Three Sendmail commands that used to be innocuous and have now
become popular with hackers are the DEBUG, VRFY, and
EXPN commands (or debug, verify, and expansion).
This allows the verification of a destination mail address or an
expansion of it if it is ambiguous. However, due to privacy concerns,
these are usually turned off in Sendmail configurations. Debug
mode was popular in Sendmail when several checks were dropped and
the use of Sendmail to provide remote administrative control of
a system was possible. Null connections (ones that have not completely
negotiated a connection with the mail server) are also worth noting
because they're indicative of a problem with one of the two
ends of a mail connection, or of a system scan that includes the
SMTP service.
The attached script, sendmail.check, looks for all of these
things in your Sendmail logs. It makes a note of the problem, prints
out the entry in the logs, and adds a statistic. The summary can
also be monitored for trends. The script is also fast, having been
tested on a Pentium II/266 machine using 104,000 lines of input
and completing in less than two seconds.
Non-Local syslog Entries
The syslog facility has the capacity to listen on a network
port (514/UDP) and receive entries from other hosts. This can be
helpful if you have many machines to operate and want to centralize
logging for evaluation. However, you may receive syslog entries
from hosts that you do not want entries from. Some devices, usually
network devices capable of using the syslog facility over
the network, come preconfigured to send syslog messages to
the broadcast address, 255.255.255.255. Depending on your logging
file system capacity and how often you rotate logs, this could lead
to a flooded file system.
One such system that, by default, receives syslog entries
from other hosts is IRIX 6.5. This can lead to misleading log files
or a denial of service by filling the logging disk device. Detecting
these entries is usually pretty easy. The format syslog entries
(simply a timestamp, the source hostname, the facility, and the
message) simlifies finding entries that do not belong to you. A
simple awk script will find and report these spurious entries:
#!/usr/bin/awk -f
BEGIN { print "Checking for non local syslog entries" }
{ if ($4 != "$HOSTNAME") print $0 }
Be sure to replace the macro $HOSTNAME with your system's
short hostname (i.e., yoda), but keep the double quotes because they're
vital to the script. If you do detect any entries that should not
appear, investigate the source or set up the syslog daemon
to not listen on a network port. If you need to log for other hosts
that you have defined, investigate firewalling the offending source
of the syslog messages.
Password File Anomalies
There are several reasons to keep an eye on your password file.

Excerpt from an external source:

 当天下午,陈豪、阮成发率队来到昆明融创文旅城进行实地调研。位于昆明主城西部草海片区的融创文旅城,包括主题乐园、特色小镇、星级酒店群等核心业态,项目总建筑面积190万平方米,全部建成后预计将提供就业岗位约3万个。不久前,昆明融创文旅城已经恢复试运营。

First, you should look for and lock any accounts that have no passwords.
Every account, even ones that seem harmless (i.e., lp), should
have a password. Second, only the root user should have a user ID
(uid) of zero. Some operating systems, like IRIX, have three or
four users with uid values of zero, but most UNIX systems have only
one account, root, with a uid value of zero.

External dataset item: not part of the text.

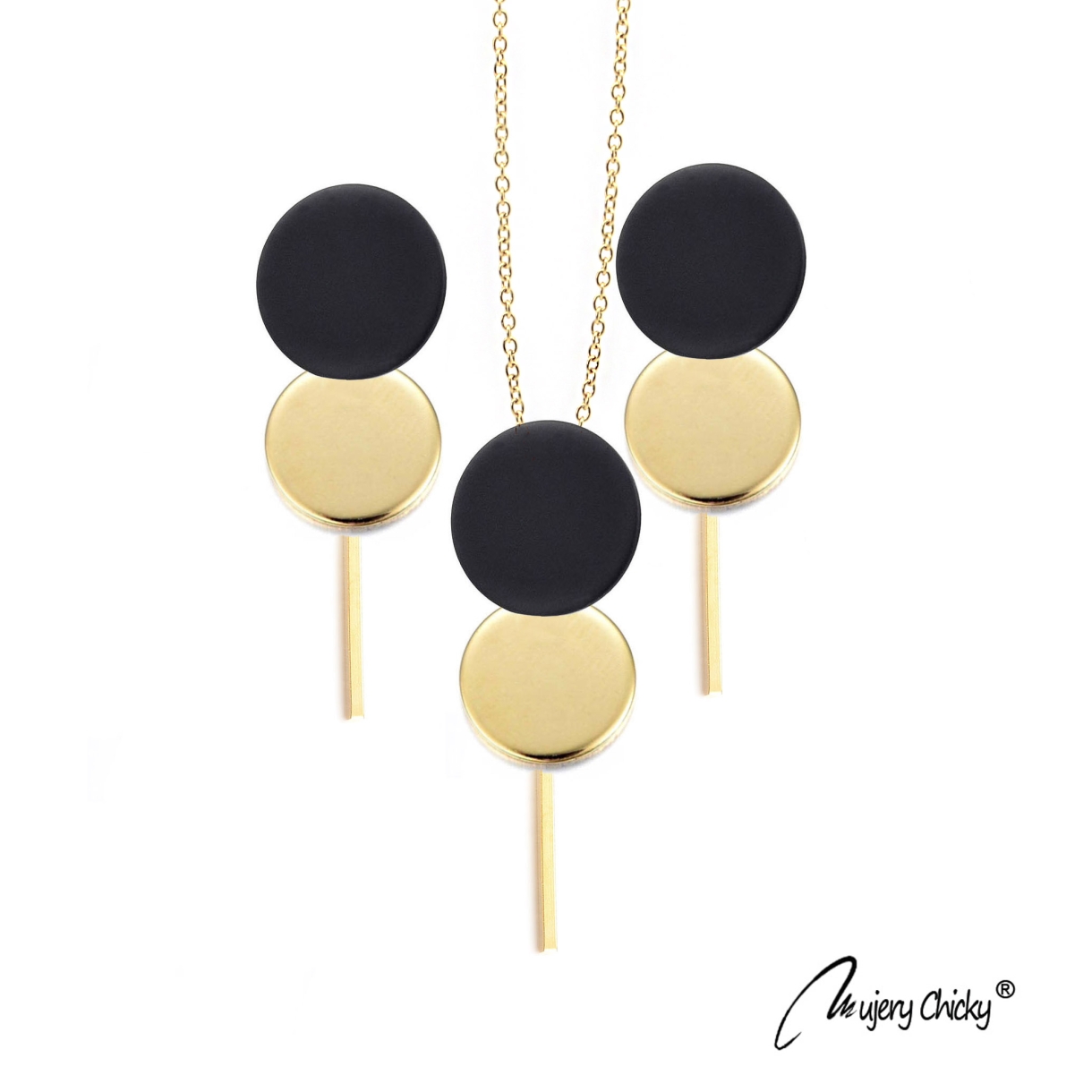 Setul Cercei si Colier Black Section Out este confecționat integral din oțel inoxidabil, electroplacat cu auriu, material nonalergic. Poate fi asortat cu ușurință la o cămașă albă și o pereche de jeansi sau la o rochie simplă de seară.

Attackers, once in, may leave themselves a non-root user account
with a user ID of zero, allowing unfettered access to system privileges
without using the root account. Because of the regular structure
of the password file (using records separated by a colon) using
the awk language to parse for anomalies is straightforward.
The following small awk script will report these potential
anomalies:
#!/usr/bin/awk -f
BEGIN { FS = ":" }
{ if ($2 == "") {
print "------ empty password for account " $1 }
if (($3 ~ /^00*/) && ($1 != "root")) {
print "------ user has a uid of zero: " $1 }
}
If an account has an empty password, it should be fixed immediately
and the account locked. If a non-root account appears with a user
ID of zero (unless it was installed by the system itself, as in the
case of IRIX systems), it should be investigated.
Exploit Usage
Exploit usage is perhaps one of the better reasons to use awk
and not simply grep. Most buffer overflow exploits leave
behind telltale signs in the logs (provided the attacker didn't
erase the logs). However, these signs are usually non-printable
ASCII characters. Normal grep usage is unable to filter these
out, but awk enjoys more diverse pattern-matching capabilities.

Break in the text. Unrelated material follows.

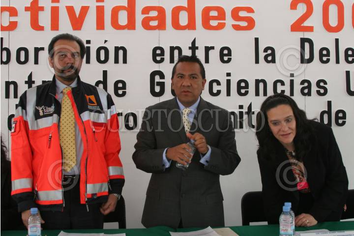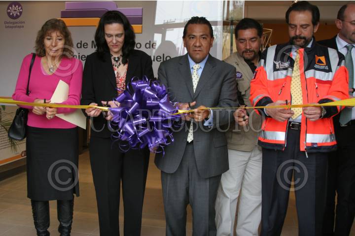 MÉXICO, D.F., 30ENERO2009.- Elias Miguel Moreno, secretario de protección civil del Distrito Federal, el delegado de Iztapalapa, Horacio Mesa Martínez y Laura Gurza Jaird, coordinadora de protección civil de la Secretaria de Gobierno, durante la inauguración del Centro de Monitoreo de Subsuelo el cual servirá para monitorear zonas peligrosas en Iztapalapa. FOTO: RICARDO CASTELAN/CUARTOSCURO.COM

The script also looks for calls to /bin/sh in the syslog,
which should indicate something worth investigating.
Buffer overflow exploits, which are the primary way most attackers
gain unauthorized remote entry, use what are called "NOP"
routines as padding. Because you can't know precisely where
in the memory the overflow will take you, the attacker pads the
space between the range in which they expect to land and where they
want to begin execution of their own code with empty processor operations,
or "NOP" calls. On the Intel x86 processor, these have
the hexadecimal value of 0x90.
In the very short script below, we match against the Intel x86
NOP value in hex, looking for \x90. If it is found, a note
about the line number is made and the timestamp and process name
(and number) are reported. It also looks for the regular expression
bin.sh, which is usually found as /bin/sh in exploit
code. This is to give a command shell once the exploit has succeeded
in running arbitrary code.
#!/usr/bin/awk -f
{
if ($0 ~ /\x90/) {
print "----------------- Possible buffer overflow at line "NR
print "time: "$1" "$2" "$3" process was "$5
}
if ($0 ~ /bin.sh/) {
print "------------- Possible call to /bin/sh at line "NR
print "time: "$1" "$2" "$3" process was "$5
}
}
If the script does report any possible buffer overflows, you are probably
the victim of a successful break in, and you should follow compromise
recovery procedures.
Putting It All Together
Now we will assemble all of these awk fragments into a
larger piece, useful for examining your system on a routine basis.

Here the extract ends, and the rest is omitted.